The Tropical Crop Omics Database (TCOD, https://ngdc.cncb.ac.cn/tcod) (Kang et al. 2023) is a comprehensive multi-omics data platform for tropical crops. TCOD encompasses 15 tropical crops, including tropical food crops like cassava, rubber crops like rubber tree, tropical fruit trees like mango, pineapple, sugarcane, banana, litchi and longan, tropical oil crops such as oil palm and coconut, tropical spicy beverages like coffee, cocoa, vanilla and pepper, as well as tropical medicinal plants like areca. In the current release version, TCOD houses 34 chromosome-level de novo assemblies, 1,255,004 genes with functional annotations, 282,436,992 unique variants from 2048 WGS samples, 88 transcriptomic profiles from 1997 RNA-Seq samples, and 13,381 germplasm items. Furthermore, in terms of analytical capabilities, TCOD not only provided homologous gene information for cross-species omics characteristics comparison but also equipped several user-friendly online tools such as BLAST, Genome Browser, Primer Design, GO Enrichment, KEGG Enrichment, Synteny Viewer, and Homolog Finder, facilitating efficient data mining and visualization.
Application tools
To better provide users with data retrieval and analysis services, we have developed a comprehensive search engine and a suite of application tools. The BIG Search (https://bigd.big.ac.cn/search) is a distributed and scalable full-text search engine for a large number of biological resources, providing one-stop, cross-database search services for the global research community. Currently, the BIG Search includes data indexes from all NGDC’s resources and 55 partner resources (see details at https://bigd.big.ac.cn/partners) as well as European Bioinformatics Institute (EBI) resources based on EBI Search RESTful API (Madeira et al. 2019), NCBI resources powered by NCBI Entrez (Gibney and Baxevanis 2011) and the AlphaFold Protein Structure Database (Jumper et al. 2021). As an example, shown in Fig. 2, BIG Search offers advanced search functions and cross-database search services for numerous data resources, providing users with a more convenient and efficient means of retrieving data.
While the Bioinformatics Toolkits (BiT, https://ngdc.cncb.ac.cn/bit), is a platform that integrates a great variety of tools that can be used for sequence alignment, composition analysis, RNA expression, epigenome analysis, haplotype network construction, and data visualization. Many tools are developed in-house, and several public tools are further developed with extended functionality. e.g., KaKs_Calculator is an in-house developed toolkit that is capable of calculating selective pressure on both coding and non-coding sequences (Zhang 2022), which has been widely applied in plant evolution or selection analysis or studies. For protein-coding sequences, it integrates several methods to calculate nonsynonymous (Ka) and synonymous (Ks) substitution rates. Particularly, it adopts model selection and model averaging to include as many features as needed for accurately capturing evolutionary information in protein-coding sequences. Similar to the Ka/Ks ratio for coding sequences, selection on non-coding sequences can be quantified as non-coding nucleotide substitution rate (Kn) normalized by synonymous substitution rate of adjacent coding sequences. The KaKs_Calculator 3.0 is implemented in standard C++ language, enabling higher efficiency and easy compilation on different operation systems (Linux/Windows/Mac). The package of KaKs_Calculator 3.0, including compiled executables, a Windows application with graphical user interface (GUI), source codes, and example data, accompanying with detailed instructions and documentation, is freely available for academic users at the CNCB-NGDC (https://ngdc.cncb.ac.cn/biocode/tools/BT000001). A graphical user interface demo is shown in Figure S1.

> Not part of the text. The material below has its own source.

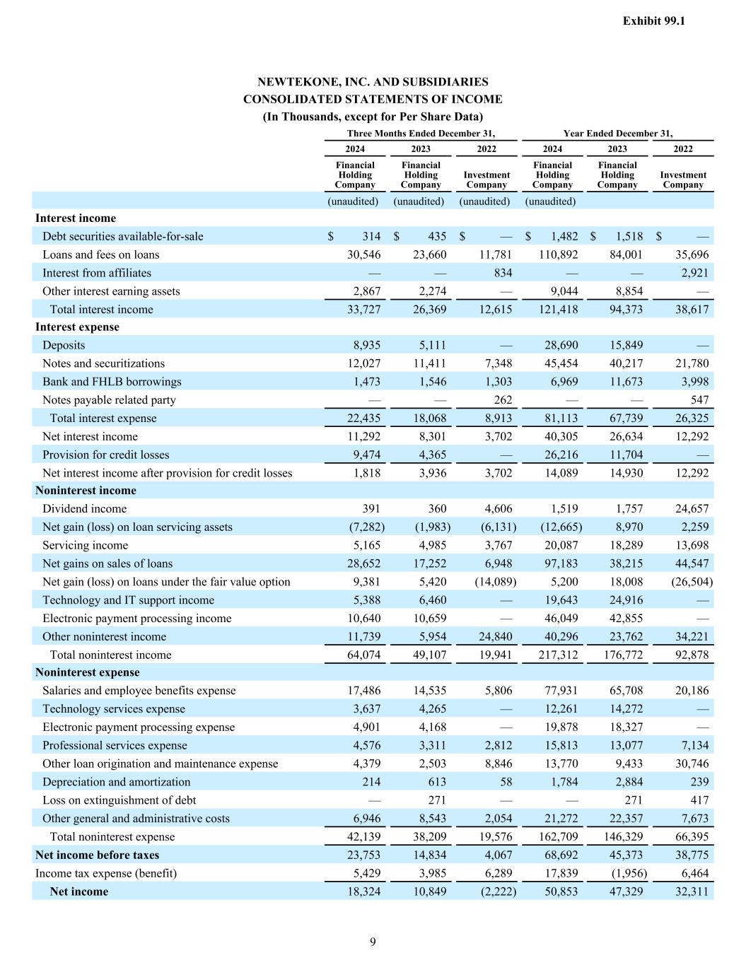 (unaudited) (unaudited) (unaudited) (unaudited) Interest income Debt securities available-for-sale $ 314 $ 435 $ — $ 1,482 $ 1,518 $ — Loans and fees on loans 30,546 23,660 11,781 110,892 84,001 35,696 Interest from affiliates — — 834 — — 2,921 Other interest earning assets 2,867 2,274 — 9,044 8,854 — Total interest income 33,727 26,369 12,615 121,418 94,373 38,617 Interest expense Deposits 8,935 5,111 — 28,690 15,849 — Notes and securitizations 12,027 11,411 7,348 45,454 40,217 21,780 Bank and FHLB borrowings 1,473 1,546 1,303 6,969 11,673 3,998 Notes payable related party — — 262 — — 547 Total interest expense 22,435 18,068 8,913 81,113 67,739 26,325 Net interest income 11,292 8,301 3,702 40,305 26,634 12,292 Provision for credit losses 9,474 4,365 — 26,216 11,704 — Net interest income after provision for credit losses 1,818 3,936 3,702 14,089 14,930 12,292 Noninterest income Dividend income 391 360 4,606 1,519 1,757 24,657 Net gain (loss) on loan servicing assets (7,282) (1,983) (6,131) (12,665) 8,970 2,259 Servicing income 5,165 4,985 3,767 20,087 18,289 13,698 Net gains on sales of loans 28,652 17,252 6,948 97,183 38,215 44,547 Net gain (loss) on loans under the fair value option 9,381 5,420 (14,089) 5,200 18,008 (26,504) Technology and IT support income 5,388 6,460 — 19,643 24,916 — Electronic payment processing income 10,640 10,659 — 46,049 42,855 — Other noninterest income 11,739 5,954 24,840 40,296 23,762 34,221 Total noninterest income 64,074 49,107 19,941 217,312 176,772 92,878 Noninterest expense Salaries and employee benefits expense 17,486 14,535 5,806 77,931 65,708 20,186 Technology services expense 3,637 4,265 — 12,261 14,272 — Electronic payment processing expense 4,901 4,168 — 19,878 18,327 — Professional services expense 4,576 3,311 2,812 15,813 13,077 7,134 Other loan origination and maintenance expense 4,379 2,503 8,846 13,770 9,433 30,746 Depreciation and amortization 214 613 58 1,784 2,884 239 Loss on extinguishment of debt — 271 — — 271 417 Other general and administrative costs 6,946 8,543 2,054 21,272 22,357 7,673 Total noninterest expense 42,139 38,209 19,576 162,709 146,329 66,395 Net income before taxes 23,753 14,834 4,067 68,692 45,373 38,775 Income tax expense (benefit) 5,429 3,985 6,289 17,839 (1,956) 6,464 Net income 18,324 10,849 (2,222) 50,853 47,329 32,311 NEWTEKONE, INC. AND SUBSIDIARIES CONSOLIDATED STATEMENTS OF INCOME (In Thousands, except for Per Share Data) Three Months Ended December 31, Year Ended December 31, 2024 2023 2022 2024 2023 2022 Financial Holding Company Financial Holding Company Investment Company Financial Holding Company Financial Holding Company Investment Company Exhibit 99.1 9

Overall, our BIG search engine is beneficial for quickly finding the desired data resources, while the BIT platform is particularly useful for end users who may not have a strong data analysis or computational background.
Conclusion
In summary, NGDC provides a comprehensive web service for plant data management, including plant multi-omics data, functional knowledge and application tools. In the era of big data and the rise of artificial intelligence methods, these resources are expected to collect a wider range of omics data and apply deep learning techniques to analyze the intricate relationships between multidimensional omics data and agriculturally significant phenotypic traits, providing invaluable resources for plant researchers engaged in AI-driven breeding.
In the future, NGDC will continuously follow up the plant frontiers and enrich its plant data resource system. For example, pan-genome analysis and GWAS analysis of SVs have brought new perspectives and discoveries to plant research (He et al. 2023; Li et al. 2023; Liu et al. 2020). And new genomic technologies such as T2T, will make it more possible to explore the complex structure variations (SVs) of the plant genomes at the “species” level or even “genera” level with higher accuracy and sensitivity. It is valuable to construct a comprehensive data resources by collecting these high-quality assemblies, and integrating population structure, phylogeny, selection signals, and SV knowledge related to important traits. Furthermore, single-cell and spatial omics techniques have greatly increased the dimensions and precision of omics data, and help us to understand the characteristics and functions of individual cells and also support us to study the spatial distribution of gene expression at the tissue or single-cell level. Severalome resources in this field have been established, including PlantscRNAdb (http://ibi.zju.edu.cn/plantscrnadb/) (Chen et al. 2021a), PsctH (http://jinlab.hzau.edu.cn/PsctH/) (Xu et al. 2022), PCMDB (https://www.tobaccodb.org/pcmdb/homePage) (Jin et al. 2022), RCAR (http://www.elabcaas.cn/rcar/index.html), SODB (https://gene.ai.tencent.com/SpatialOmics/) (Yuan et al. 2023). Therefore, NGDC will continue to make efforts to provide a series of newly developed and integrated databases, making full use of these cutting-edge technologies and data, and paving the way for the implementation of genomic data in plant breeding.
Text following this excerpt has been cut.